Green Guide

Large-scale animal farms' expired permits raise concerns

Posted May 17

— Wisconsin Department of Natural Resources statistics show that about a third of the state's large-scale animal farms operate under expired permits, which has raised concerns from some farmers.

Many of the permits for the concentrated animal feeding operations, or CAFOs, expired in 2016, Wisconsin Public Radio (http://bit.ly/2rs8Oln ) reported.

CAFO permits are issued every five years under federal and state rules, but it's not uncommon or illegal to operate a farm with an expired permit. The rules allow permits to stay effective until they're reissued, according to John Holevoet, spokesman for the Wisconsin Dairy Business Association.

"It's not as though these farms don't have a permit," Holevoet said. "They have a permit. They're 100 percent legally bound by their permit even though the initial timeframe is over. Until they have a new one, they must follow everything in that original permit."
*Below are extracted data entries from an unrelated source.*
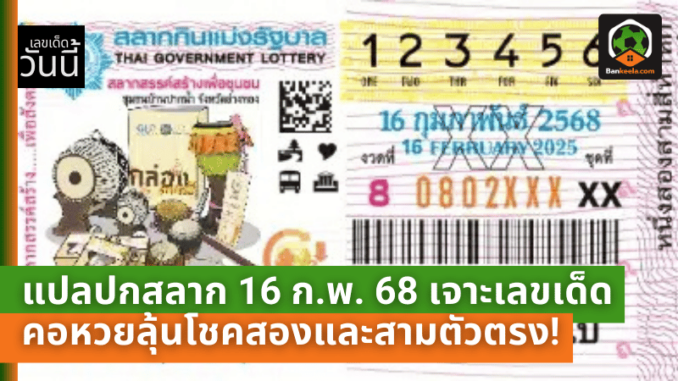 แปลปกสลาก 16 ก.พ. 68 เจาะเลขเด็ดงวดนี้ คอหวยลุ้นโชคสองและสามตัวตรง!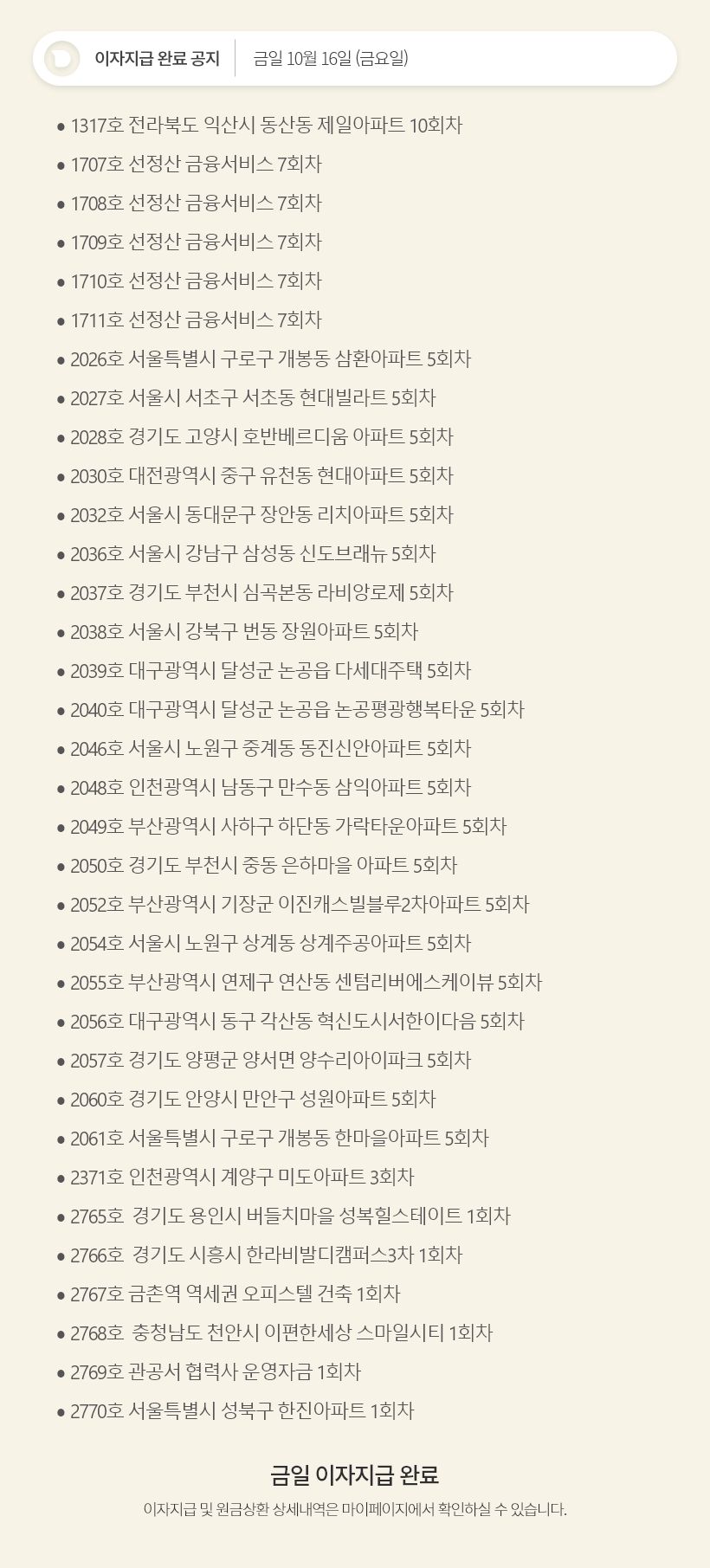 데일리 10월 16일 이자지급 완료 공지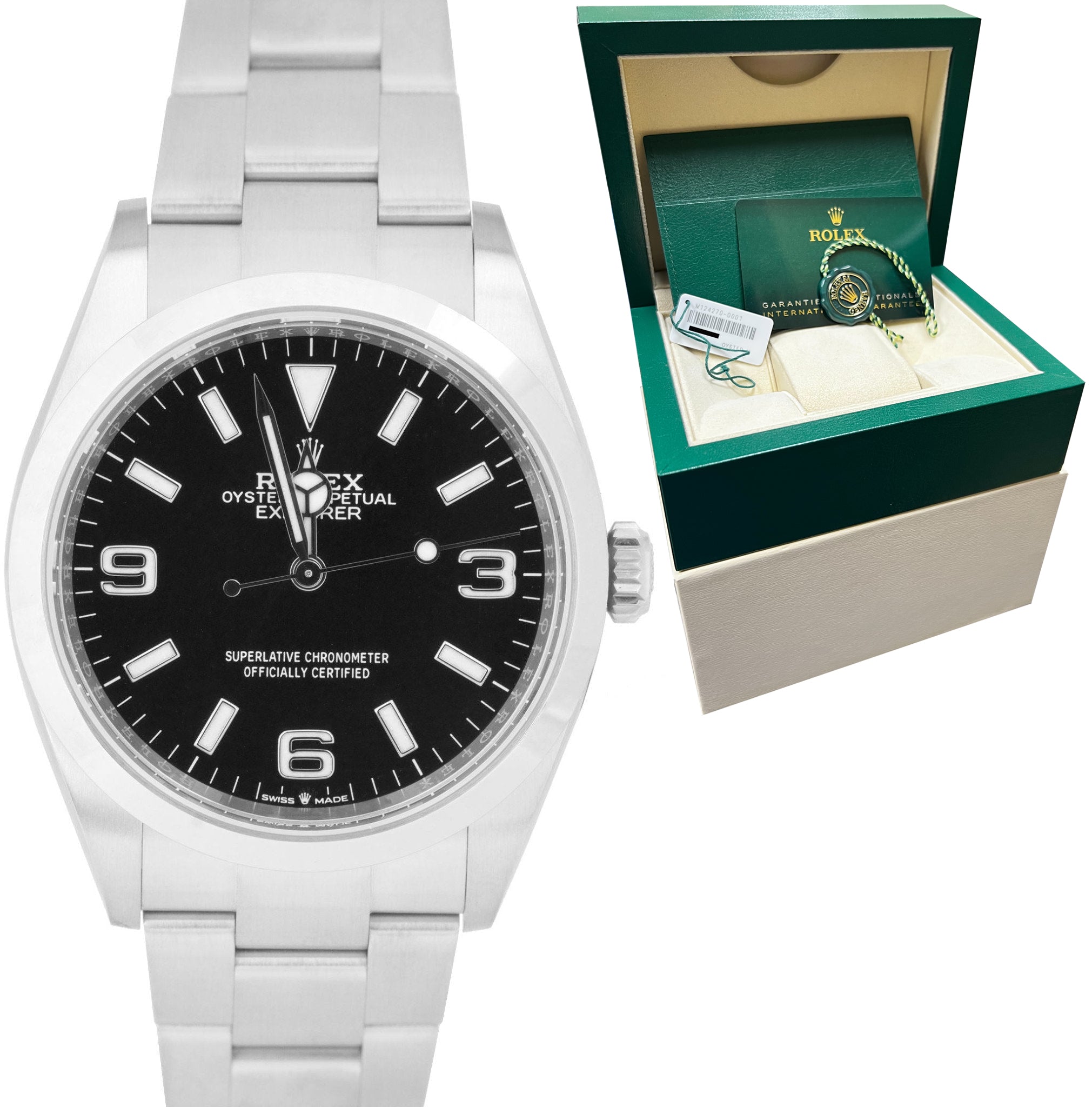 2022 Rolex Explorer I Black 36mm Stainless Steel Oyster Watch 124270 BOX PAPERS
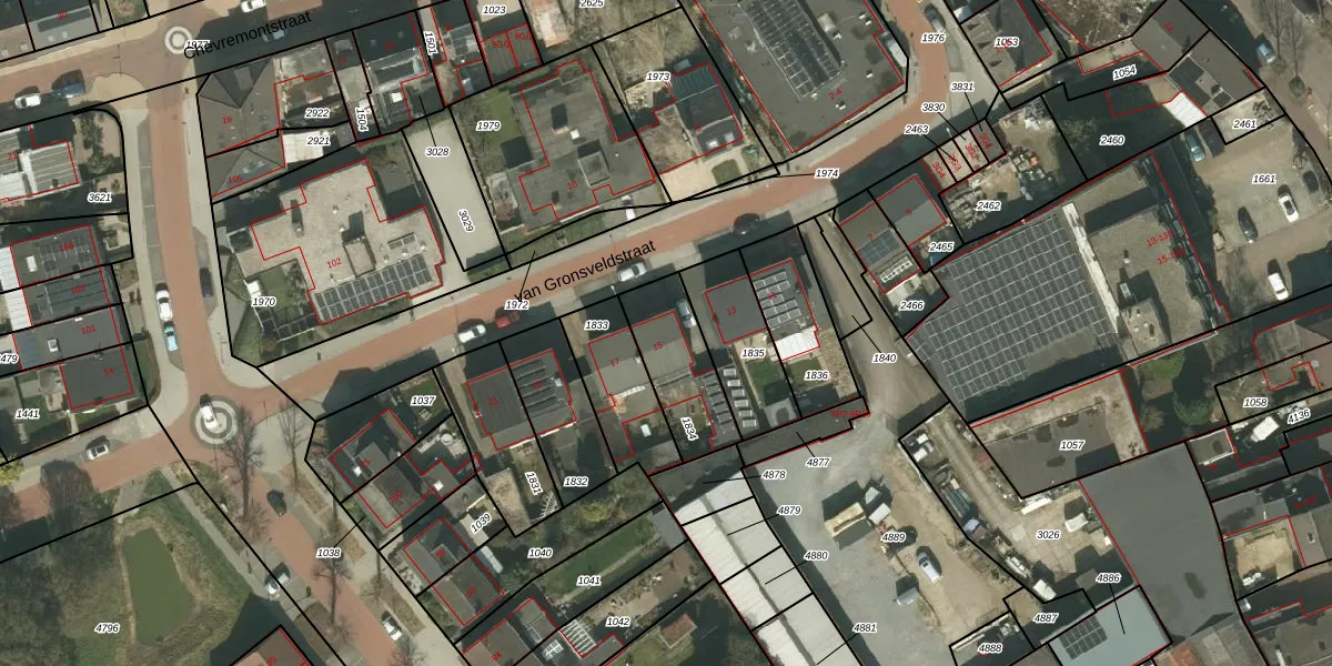 van Gronsveldstraat 15 is gelegen op kadastraal perceel KRD00G1834. Deze kadastrale aanduiding is uniek en wordt gebruikt door het Kadaster om eigendomsrechten en andere zakelijke rechten vast te leggen. Het perceel maakt onderdeel uit van de kadastrale gemeente Kerkrade.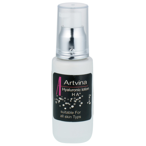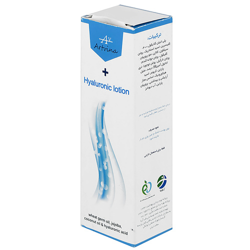 لوسیون هیالورونیک آرتوینا حاوی روغن جوانه گندم، روغن زیتون، روغن جوجوبا و هیالورونیکاسید است. هیالورونیکاسید یک ترکیب شیمیایی آلی و قویترین ماده جذبکننده رطوبت و مغذی برای پوست بوده و در بهبود زخم نیز مؤثر است. این ماده در آبرسانی و مرطوب نگهداشتن پوست نقش دارد و باعث کاهش عمق چروکها، جوانسازی، استحکام و افزایش کشش پوست میشود. تا به حال از خود پرسیدهاید چرا پوست کودکان آنقدر نرم و لطیف است؟ دلیل آن وجود مقدار فراوان هیالورونیکاسید در پوست آنهاست. هیالورونیکاسید برای پوست نقش بسیار مهمی در زیبایی و جوانی دارد. جالب است بدانید این ماده یک ترکیب مغذی هوشمند به شمار میآید؛ بدین معنا که میتواند با توجه به شرایطی مانند رطوبت هوا، میزان رطوبت جذبشده را تنظیم کند. برای مثال، در شرایط آبوهوایی مرطوب که پوست به آبرسانی کمتری نیاز دارد، تنها مقدار متناسب رطوبت موردنیاز پوست را جذب میکند. این لوسیون میتواند زیر محصولات آرایشی نیز استفاده شود؛ به شرطی که حدود 10 دقیقه پیش از آرایش روی پوست زده شود تا کاملاً جذب شود، سپس از محصولات آرایشی استفاده کنید.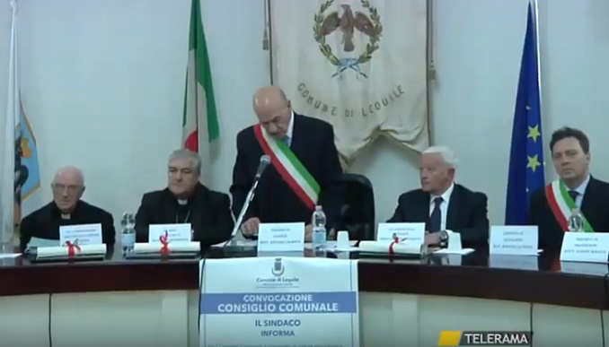 LEQUILE- In una toccante cerimonia,  il Comune di Lequile ha  voluto conferire la cittadinanza onoraria all’arcivescovo di Lecce Michele Seccia, al direttore della Caritas Attilio Mesagne e al presidente della Banca di Credito Cooperativo di Leverano Lorenzo Zecca. Tre esempi  di umanità a servizio del bene comune, che hanno fatto e continuano a fare tanto per la comunità salentina: chi in nome del dialogo e l’accoglienza chi per affidabilità e produttività.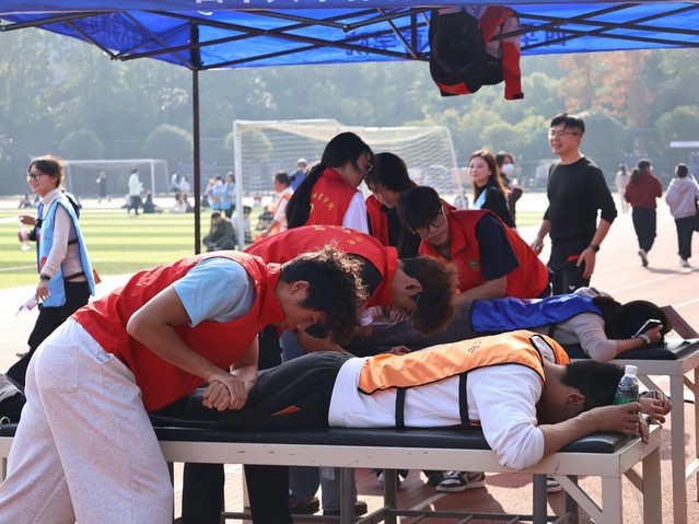 体育学院学生为参加活动老师们按摩放松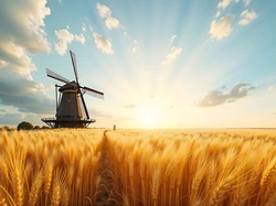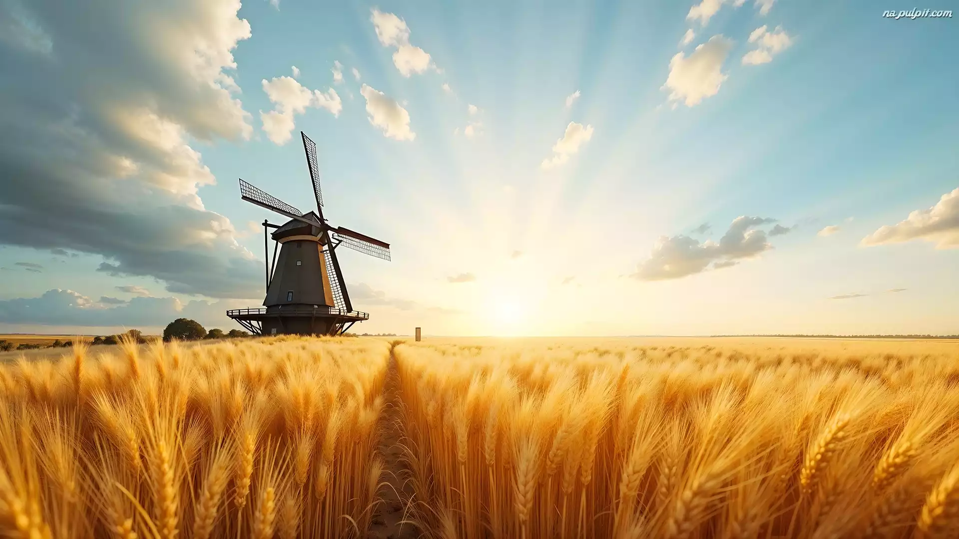 Pole, Zboże, Wiatrak, AI Na Pulpit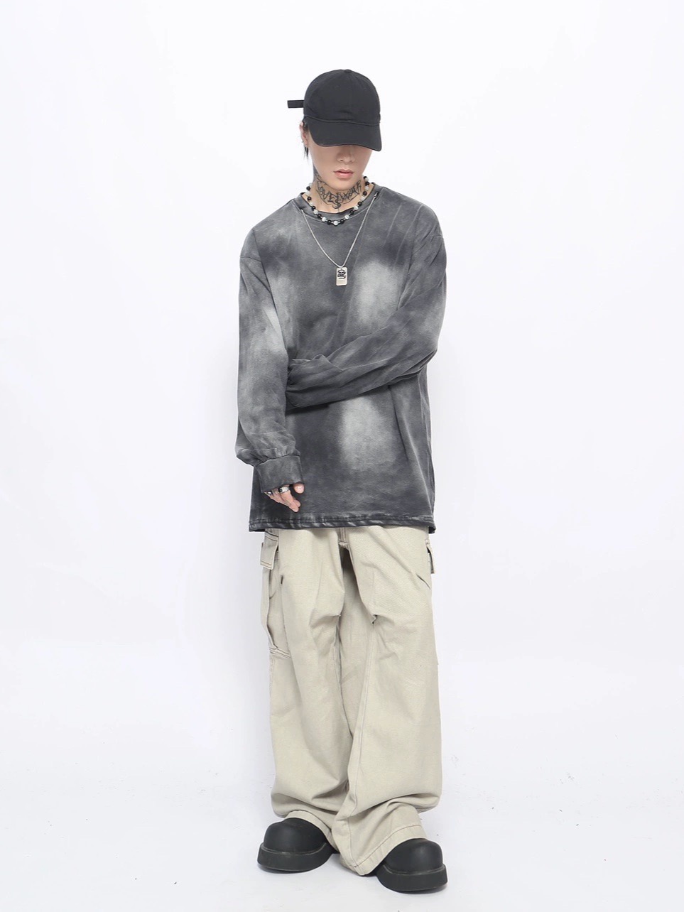 Paint-Splattered Washed Long Sleeve T-Shirt WN10888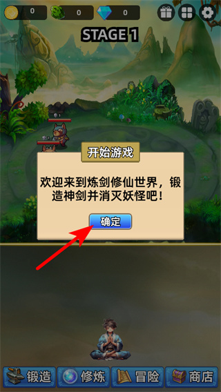 1、進入煉劍修仙游戲界面后,點擊紅色箭頭指向的確定按鈕,關閉歡迎提示彈窗,正式進入游戲的修仙場景。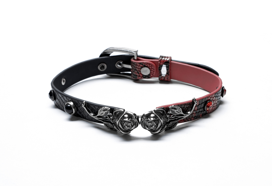 Ce collier bicolore, signé Punk Rave, est agrémenté de deux superbes roses en étain vieilli et finement sculpté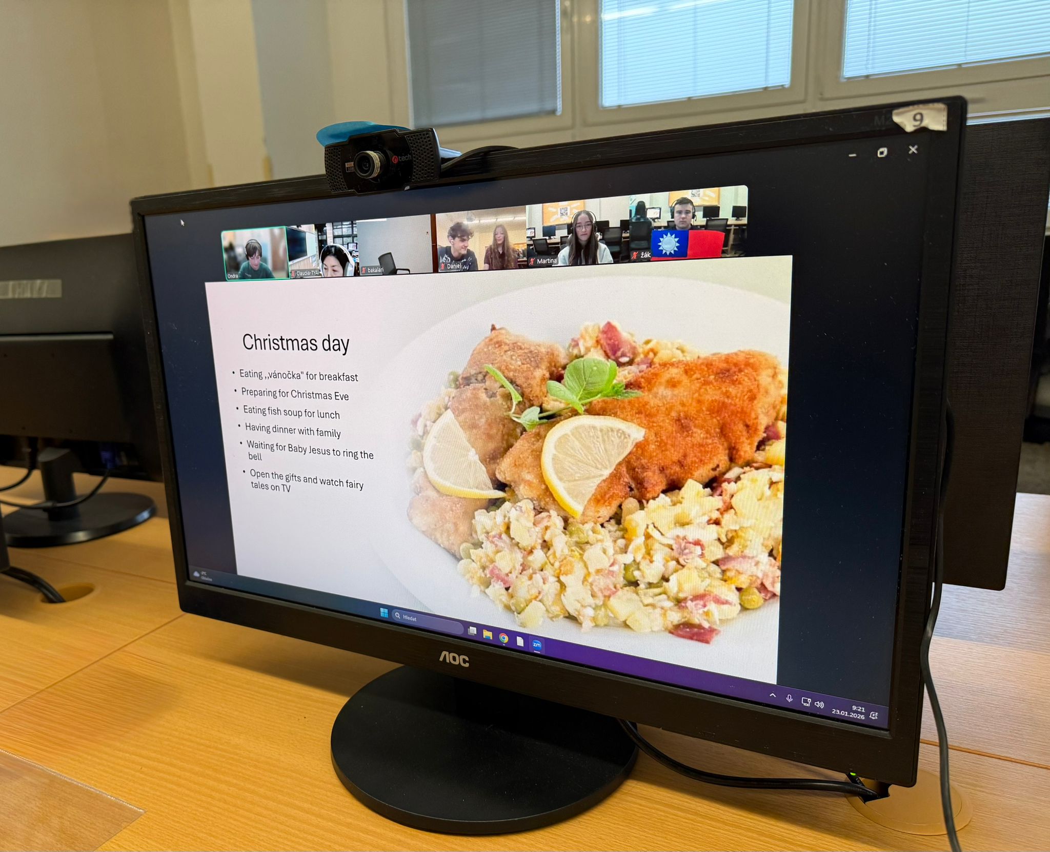 Naše dlouhodobá mezinárodní spolupráce se studenty univerzity z Tchaj-peje na Tchaj-wanu úspěšně pokračuje i v roce 2026. První letošní setkání proběhlo již v lednu, kdy se naše skupina studentů zaměřila na představení českých vánočních tradic a oslav příchodu nového roku. Studenti přiblížili typické zvyky, tradice i tradiční pokrmy, které jsou pro toto období u nás charakteristické.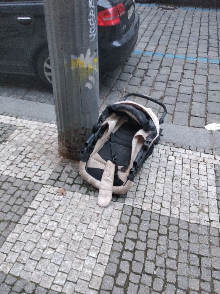 Dobrý den, někdo nechal na ulici starý kočárek. Je možné jej uklidit. Děkuji.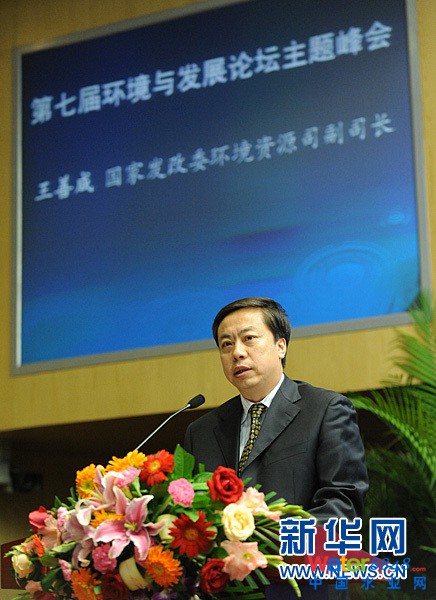 2011年9月22日,第七屆環(huán)境與發(fā)展論壇開幕式在北京舉行,本屆論壇的主題是探索實現(xiàn)“十二五”環(huán)保目標任務(wù)的新理念新舉措。圖為國家發(fā)改委環(huán)境資源司副司長王善成演講。新華網(wǎng) 陳競超 攝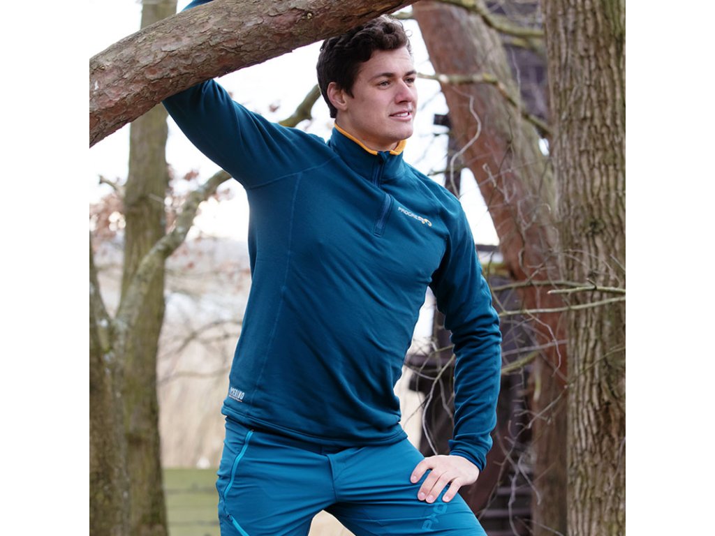 TOREZ MERINO ZIP pánská funkční mikina s krátkým zipem petrol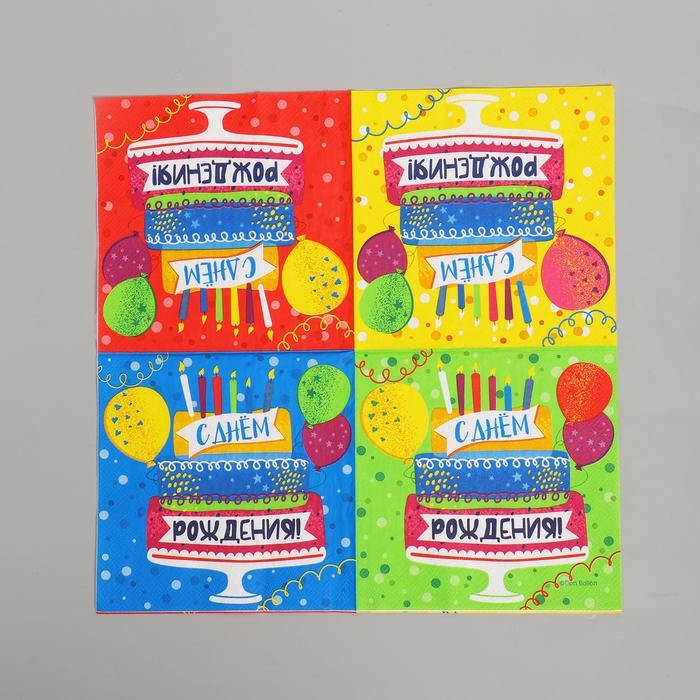 Салфетки бумажные «С ДНЁМ РОЖДЕНИЯ», 33х33 см, 20 шт.

Holevoet said the renewal process can anger farmers seeking to expand or update their operations.

"Because while your permit is in this limbo, you could not even do a simple construction project to the production site," Holevoet said. "So, if you need a new feed storage pad, you might have difficulty getting that completed during this limbo period of time."

Department of Natural Resources officials said staffing levels haven't kept pace with the growing workload as the number of large farms increases. Department spokesman Jim Dick said the agency added four new positions to increase large-scale farm inspections.

Wisconsin exceeded its 15 percent backlog threshold for CAFO permits in 2012 and 2013. The Natural Resources Department worked to reduce that to nearly 10 percent in 2014 and 2015.

Gov. Scott Walker has asked the Natural Resources Department and the Wisconsin Department of Agriculture, Trade and Consumer Protection to review whether CAFO regulation should be transferred to state agriculture officials. The study is part of the governor's 2017-2019 budget proposal. If approved, the study would have to be completed by the end of 2018.